> **EXERCISE AIM**
Nothing but the lines from the one showing "四是配合《上市公司重大资产重" through the final line of the data below belongs in the answer, duplicated exactly and without pictures.

> **PROVIDED MATERIAL**

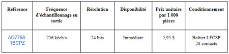 Analog Devices, annonce sous la référence AD7768-1 un convertisseur analogique/numérique sigma-delta ( ?¦¤) 24 bits monovoie, qui combine basse consommation et performances élevées pour les opérations de conversion de signaux alternatifs (AC) et continus (DC). Le convertisseur AD7768-1 permet de réaliser des solutions d’instrumentation basse consommation conçues pour surveiller l’état opérationnel des équipements de maintenance prédictive (mesure des vibrations et de la qualité de l’énergie), de tests audio et acoustiques, de santé structurelle et de tests électriques automatiques et modulaires. Ce convertisseur convient également aux appareils médicaux, tels que les électroencéphalogrammes (EEG), électromyogrammes (EMG) et électrocardiogrammes (ECG).
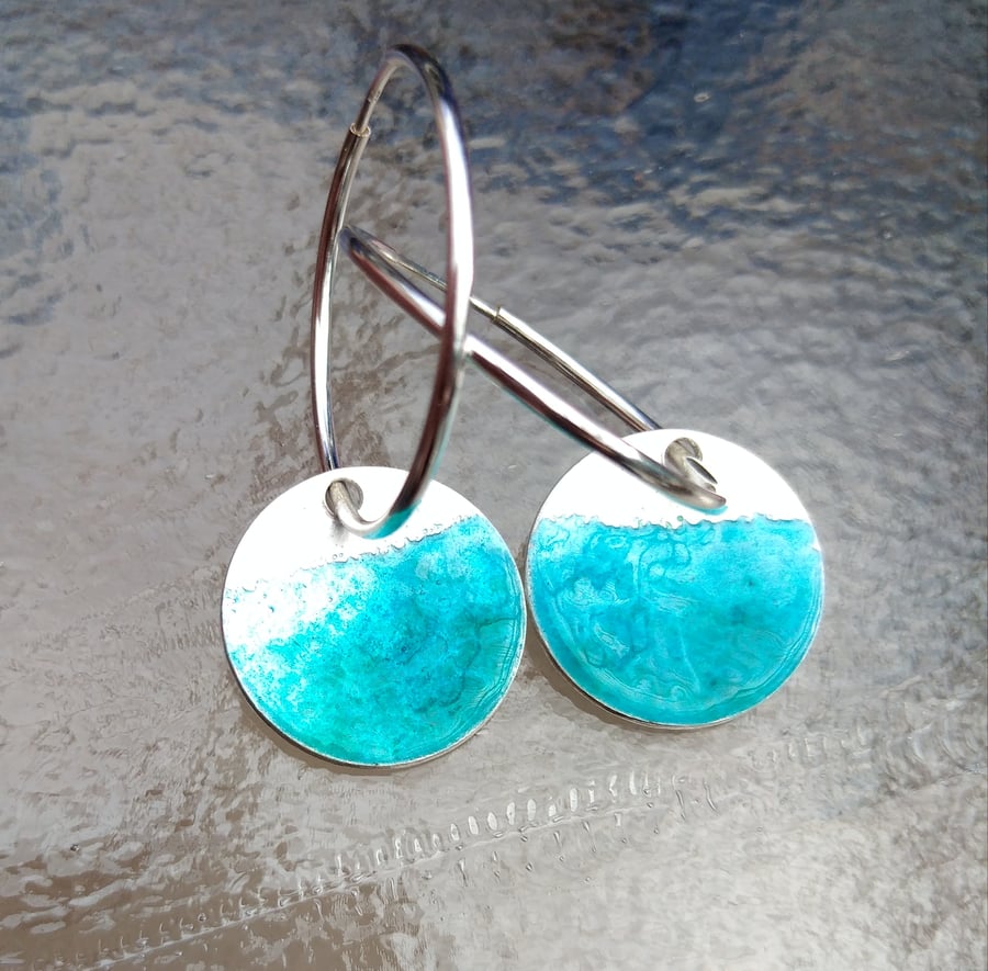 D For Diamond Silver And White Enamel Flower Stud Earrings Very well made.
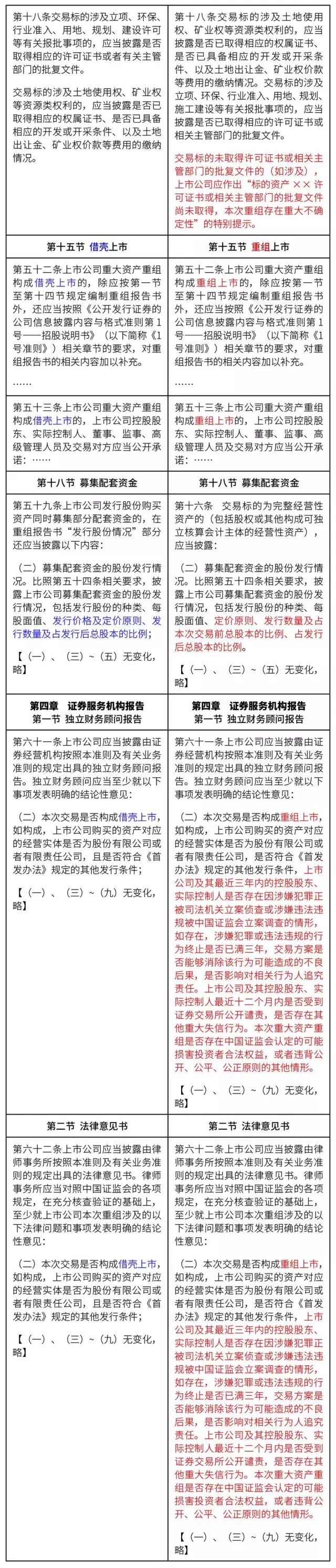 四是配合《上市公司重大资产重组管理办法》(以下简称《重组办法》)修改,规范重组上市信息披露。
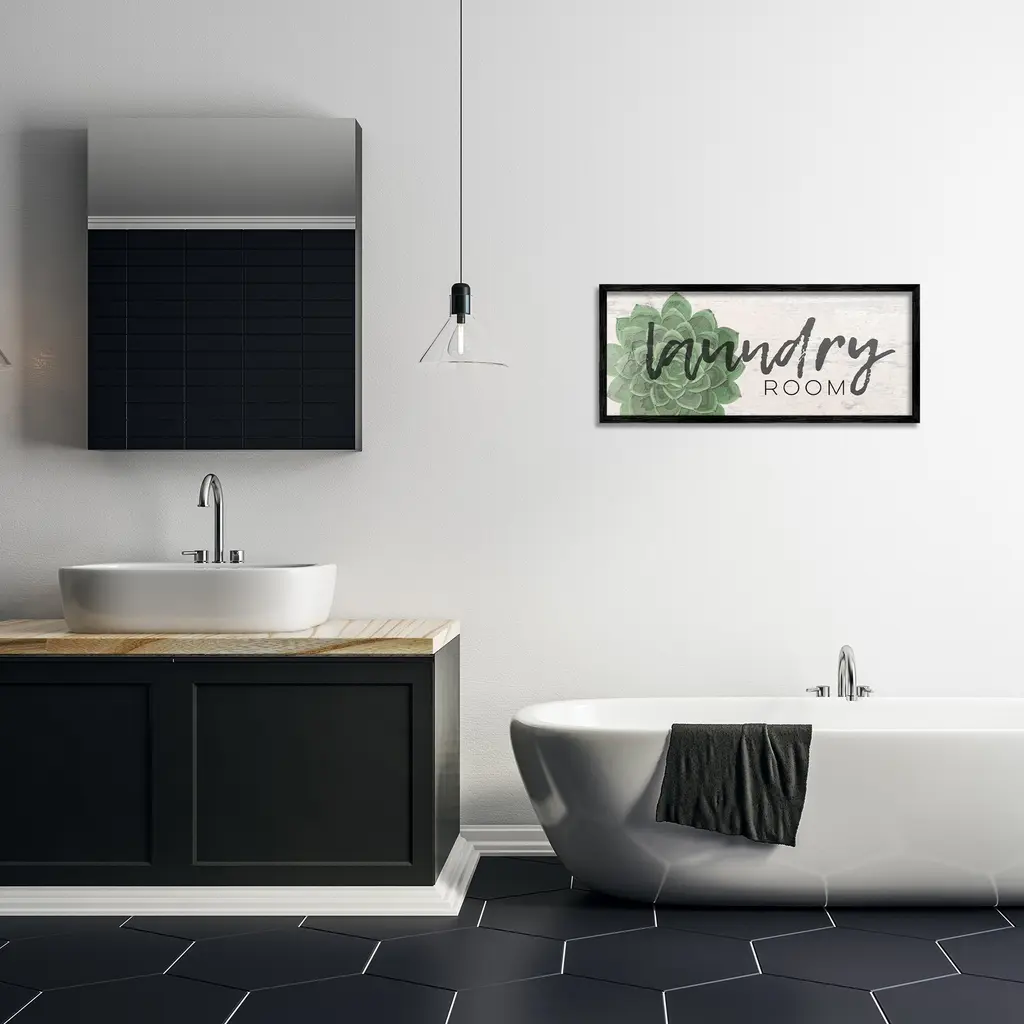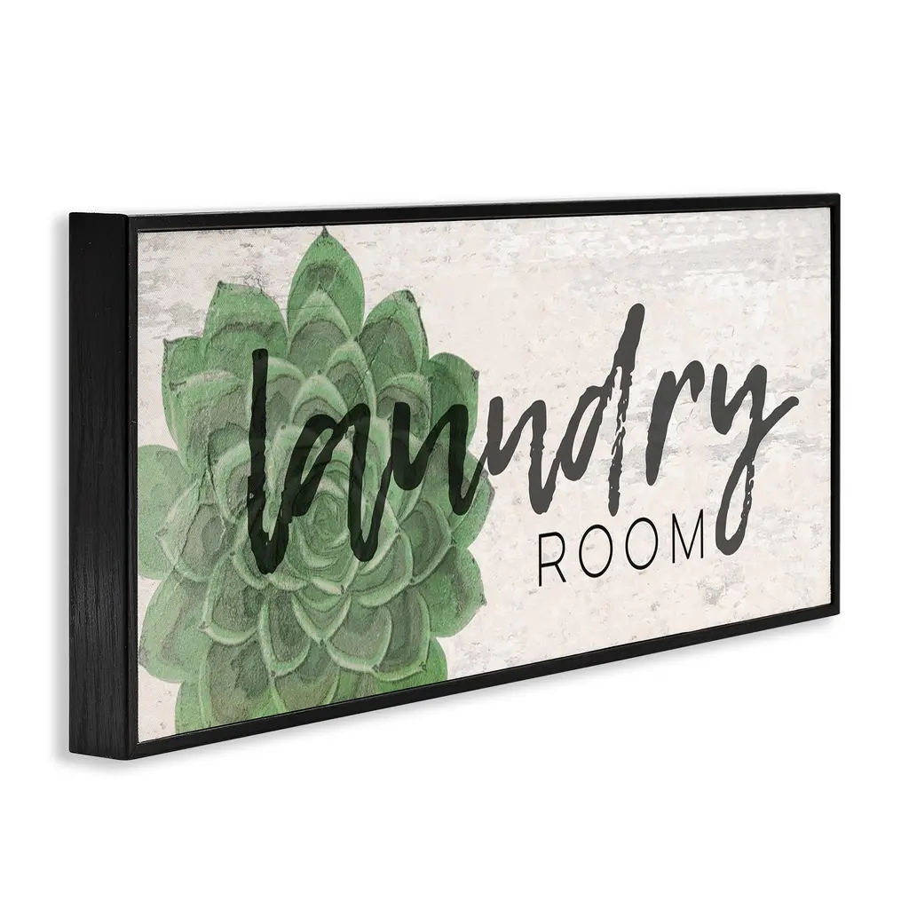 Laundry Room Green Succulent Soft Textured Paper Look Framed Wall Art - 13 X 30 - Wood - Grey

> **OUTPUT FOR THIS EXERCISE**
 四是配合《上市公司重大资产重组管理办法》(以下简称《重组办法》)修改,规范重组上市信息披露。
 Laundry Room Green Succulent Soft Textured Paper Look Framed Wall Art - 13 X 30 - Wood - Grey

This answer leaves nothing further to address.